The Burghers Would Not Pay Taxes And The
Treasury Was Empty.
One fierce Kaffir tribe threatened them from
the north, and the Zulus on the east.
It is an exaggeration of
English partisans to pretend that our intervention saved the Boers,
for no one can read their military history without seeing that they
were a match for Zulus and Sekukuni combined. But certainly a
formidable invasion was pending, and the scattered farmhouses were
as open to the Kaffirs as our farmers' homesteads were in the
American colonies when the Indians were on the warpath. Sir
Theophilus Shepstone, the British Commissioner, after an inquiry of
three months, solved all questions by the formal annexation of the
country. The fact that he took possession of it with a force of
some twenty-five men showed the honesty of his belief that no armed
resistance was to be feared. This, then, in 1877 was a complete
reversal of the Sand River Convention and the opening of a new
chapter in the history of South Africa.
There did not appear to be any strong feeling at the time against
the annexation. The people were depressed with their troubles and
weary of contention. Burgers, the President, put in a formal
protest, and took up his abode in Cape Colony, where he had a
pension from the British Government. A memorial against the measure
received the signatures of a majority of the Boer inhabitants, but
there was a fair minority who took the other view. Kruger himself
accepted a paid office under Government. There was every sign that
the people, if judiciously handled, would settle down under the
British flag. It is even asserted that they would themselves have
petitioned for annexation had it been longer withheld.
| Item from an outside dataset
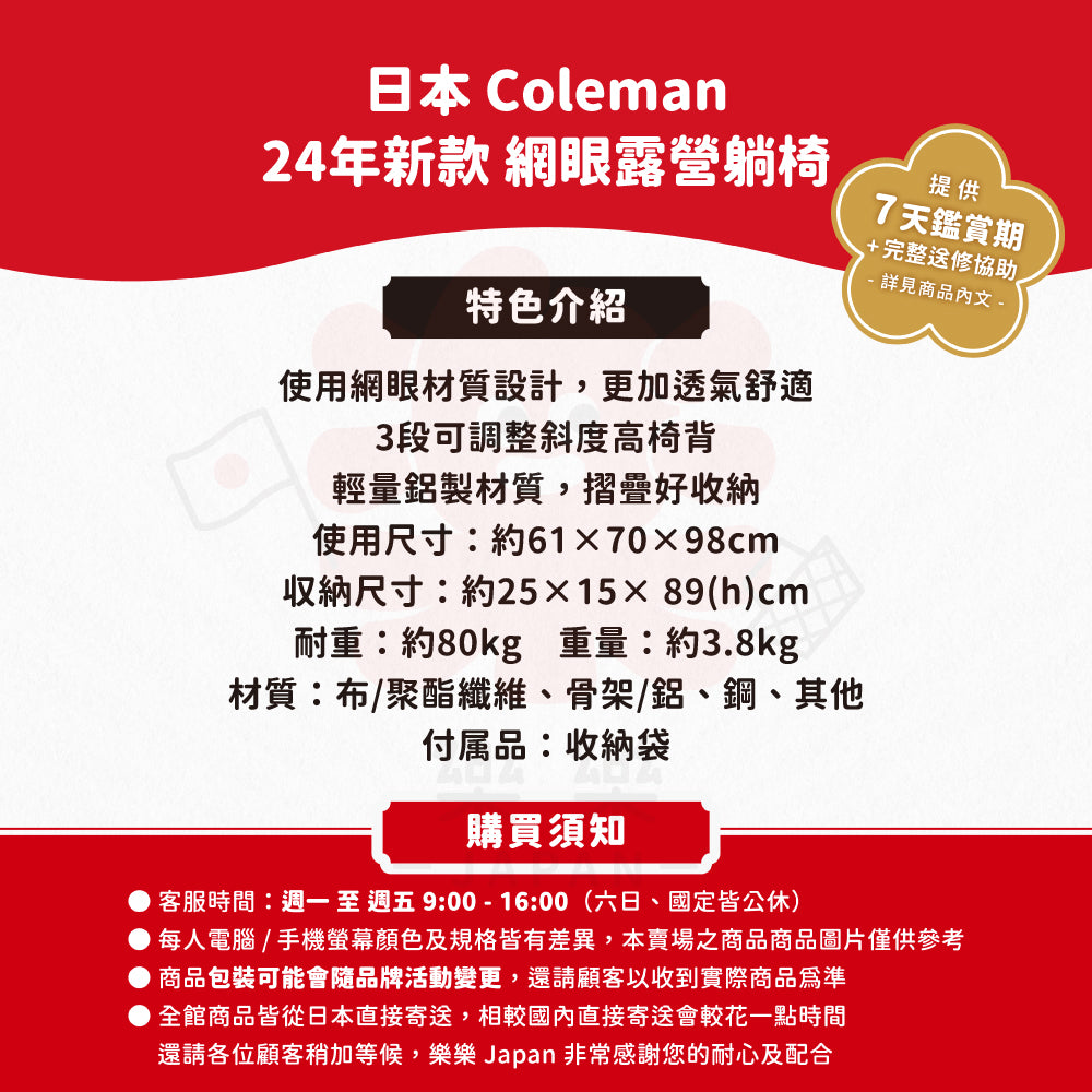 Coleman,24年新款,網眼LAY躺椅,露營躺椅,巨川椅,CM-26744,CM-26745,219085,網眼,2206793,露營椅,米色

With
immediate constitutional government it is possible that even the
most recalcitrant of them might have been induced to lodge their
protests in the ballot boxes rather than in the bodies of our
soldiers.
But the empire has always had poor luck in South Africa, and never
worse than on that occasion. Through no bad faith, but simply
through preoccupation and delay, the promises made were not
instantly fulfilled. Simple primitive men do not understand the
ways of our circumlocution offices, and they ascribe to duplicity
what is really red tape and stupidity. If the Transvaalers had
waited they would have had their Volksraad and all that they
wanted. But the British Government had some other local matters to
set right, the rooting out of Sekukuni and the breaking of the
Zulus, before they would fulfill their pledges. The delay was
keenly resented. And we were unfortunate in our choice of Governor.
The burghers are a homely folk, and they like an occasional cup of
coffee with the anxious man who tries to rule them. The three
hundred pounds a year of coffee money allowed by the Transvaal to
its President is by no means a mere form. A wise administrator
would fall into the sociable and democratic habits of the people.
Sir Theophilus Shepstone did so.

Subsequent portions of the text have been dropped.